# possible to run ut2004 on freebsd?



## aimeec1995 (Jan 13, 2020)

*I* was wondering if it was possible to run UT2004 on FreeBSD. This game had native Linux ports back in the day, so I imagine it is doable but I cannot even find the files for it.


----------



## SirDice (Jan 13, 2020)

games/linux-ut2004-demo; port was removed a couple of years ago.


----------



## aimeec1995 (Jan 13, 2020)

SirDice said:


> games/linux-ut2004-demo; port was removed a couple of years ago.



that is a shame, i guess doom 3 and quake 4 will be gone soon, too. is it possible to obtain the files?

there should be a repo for removed, unmaintained packages, if theyre gone forever just because they were abandoned, well then that is dumb.


----------



## SirDice (Jan 13, 2020)

aimeec1995 said:


> there should be a repo for removed, unmaintained packages,


It's subversion, nothing is completely removed.



aimeec1995 said:


> just because they were abandoned, well then that is dumb.
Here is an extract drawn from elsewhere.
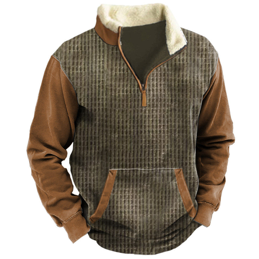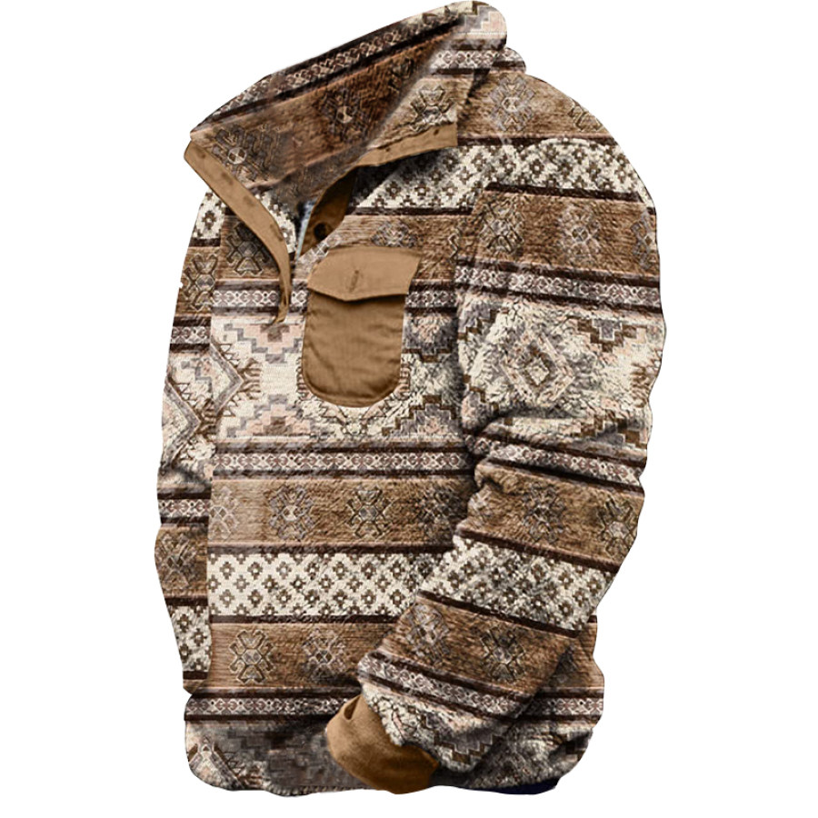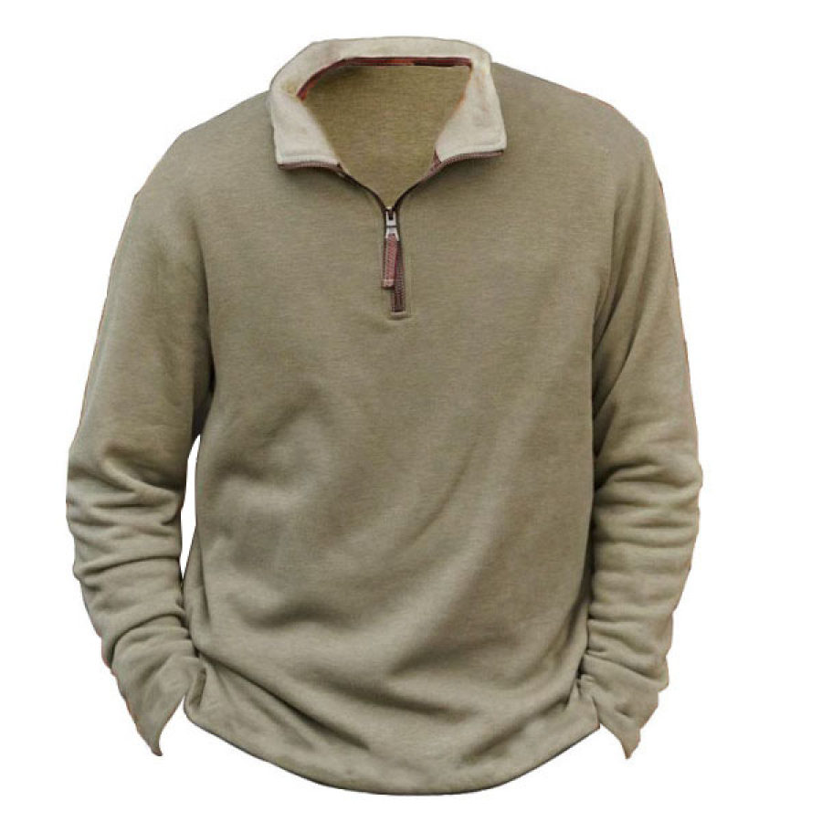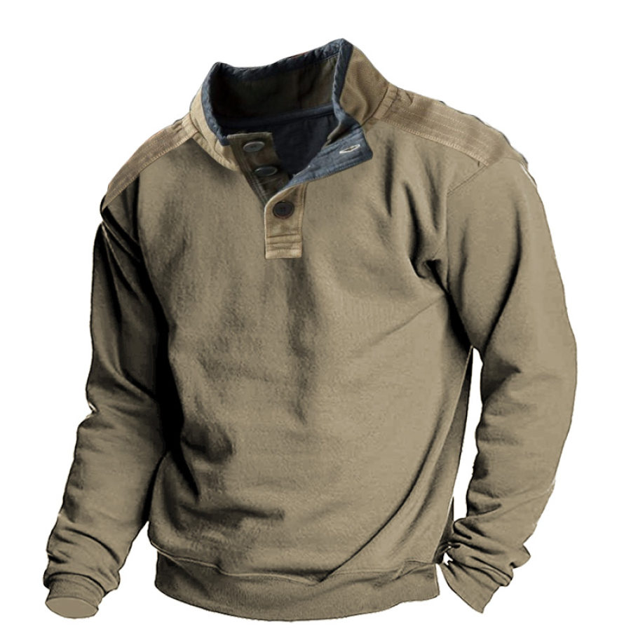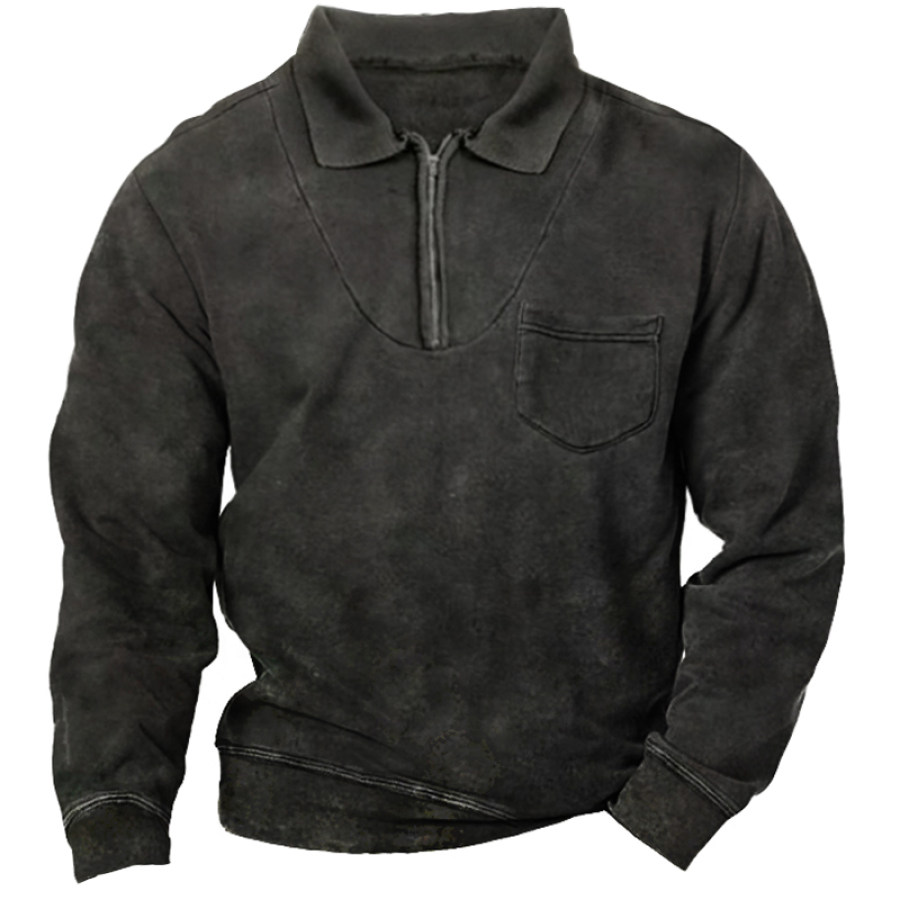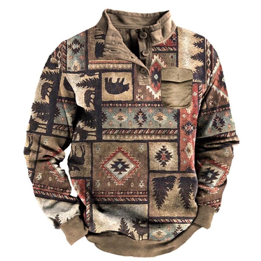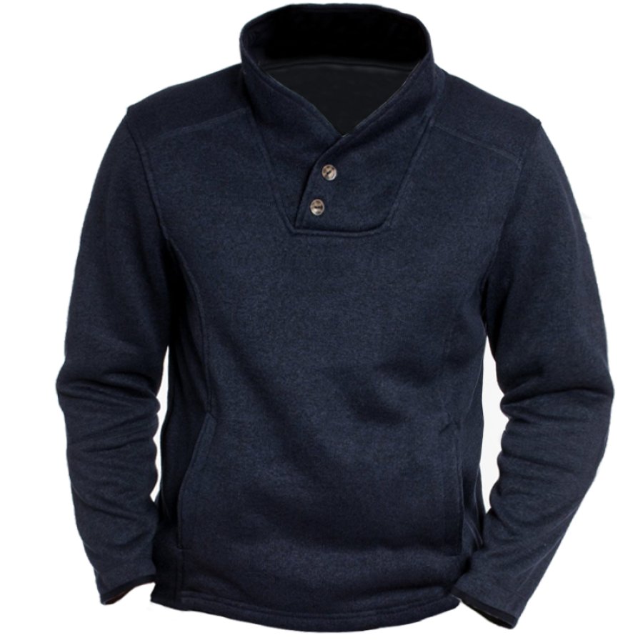 Men's Retro Casual Stand Collar Pocket Long Sleeve Sweatshirt |

So, you're volunteering to maintain them?


----------



## aimeec1995 (Jan 13, 2020)

SirDice said:


> It's subversion, nothing is completely removed.
> 
> 
> So, you're volunteering to maintain them?



that is not possible i am not a programmer but i will be storing them personally
but i will look into what is needed to become their maintainer for the sake of keeping them around


----------



## SirDice (Jan 13, 2020)

aimeec1995 said:


> i will look into what is needed to become their maintainer for the sake of keeping them around


FreeBSD Porter's Handbook


----------



## kpedersen (Jan 13, 2020)

I find that in practice, Windows has better backwards compatibility than Linux so another option could be emulators/wine.

https://appdb.winehq.org/objectManager.php?sClass=version&iId=29121


----------